Nutrien Ag Solutions cattle saleyard.

Stocking rates are well above average across southern Australia after two years of good rainfall, and a positive wet season in the north has that section of the herd rebuilding at renewed pace. According to Meat and Livestock Australia’s latest projections released this week, herd numbers are set to continue to rise out to 2025; albeit at a slightly slower rate than previously expected. And this is down to slaughter, which is increasing faster.

The herd is projected to reach 28.7 million head this year, its highest level since 2014, and 4% above 2022. This is a slight decrease on MLA’s January prediction of 28.81 million head, and the herd growth for the following two years (2024 and 2025) has been slightly scaled back accordingly. The 2025 herd figure is now set to be 6% higher than 2022, at 29.23 million head, which would be its highest number in close to 50 years.
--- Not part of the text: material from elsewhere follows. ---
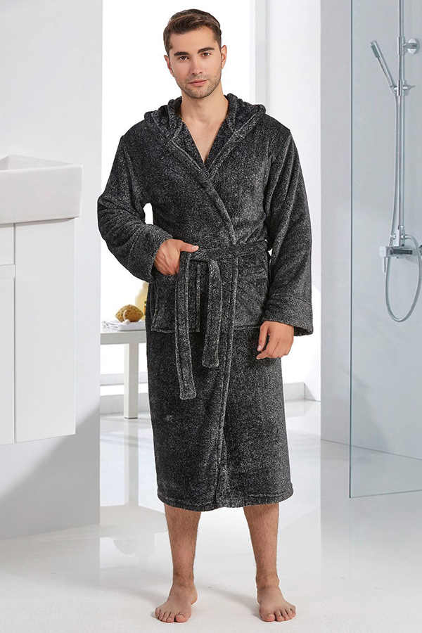 Халат чоловічий довгий рукав на запах з кишенями велсофт купити в Україні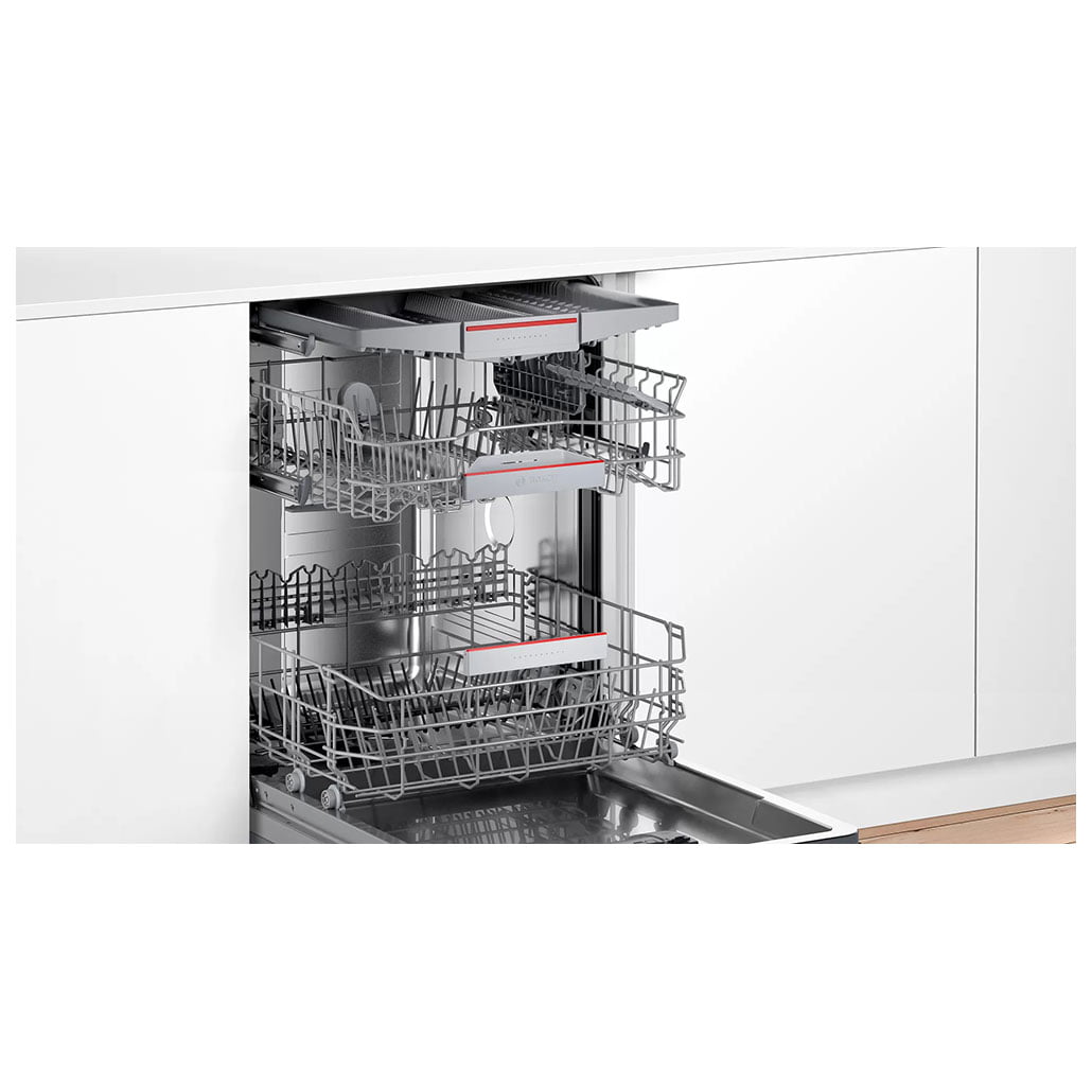 Szuflada Vario3 to dodatkowy poziom w górnej części zmywarek. To idealne miejsce na sztućce i małe akcesoria kuchenne, takie jak łyżki wazowe czy trzepaczki, a nawet filiżanki do espresso. Dodatkowy poziom zapewnia większą swobodę podczas załadunku zmywarki i więcej przestrzeni. Vario3 może zastąpić koszyk na sztućce, tworząc miejsce na więcej kompletów naczyń w dolnym koszu. Vario3 – więcej możliwości!

The downward revision of predicted herd numbers is down to slaughter, as the herd remains in its rebuilding phase.

 

When MLA released their first cattle projections this year there was a big question mark around domestic kill space being able to keep up with supply. However, it would appear to have done that and more, as slaughter is now projected to increase 16% this year to 6.95 million head, which is 5% higher than was predicted in January. Longer-term slaughter will continue to increase, with the 2025 projected figure of 8.35 million head, 43% above 2022.

 

As we can see from Figure 2, slaughter has only increased year-on-year for three consecutive years once since the turn of the century. If current projections eventuate, it will mean four years of slaughter increase in a row; an interesting proposition for Australia’s processing capabilities and export markets. That said, even in 2025 slaughter will still be below 2013/14 levels, indicating industry capacity.

 

One of the key reasons behind the shorter-term slaughter increase is both the high volume and in in turn the maturation of the retained females, allowing for more cull-cow turn-off.  This has also led to a significant softening of the restocker female market. MLA’s industry analyst aggregate market forecast for the short term has young cattle prices – the Eastern Young Cattle Indicator and the feeder steer price – stable on current levels until the end of September. However, looking further ahead, they expect the EYCI to drop to 13.5% below the 10-year average to 546c/kg, and feeders to 298c/kg, more than 9% below the average.

What does it mean?

Globally, demand appears to be firm, despite increased production from Australia, which is always a positive. However, it’s primarily domestic factors pushing cattle prices downwards, and there’s little indication in these projections that those factors are going to change. 

Supply is going to continue to be ample, and the processors know it, allowing them to be selective. And stocking rates, especially in southern Australia, have reached capacity, so restockers are no longer creating competition. While processing is keeping up with finished stock, what will eventuate if the season does turn dry and an abundance of store-type cattle hit the market is something to consider.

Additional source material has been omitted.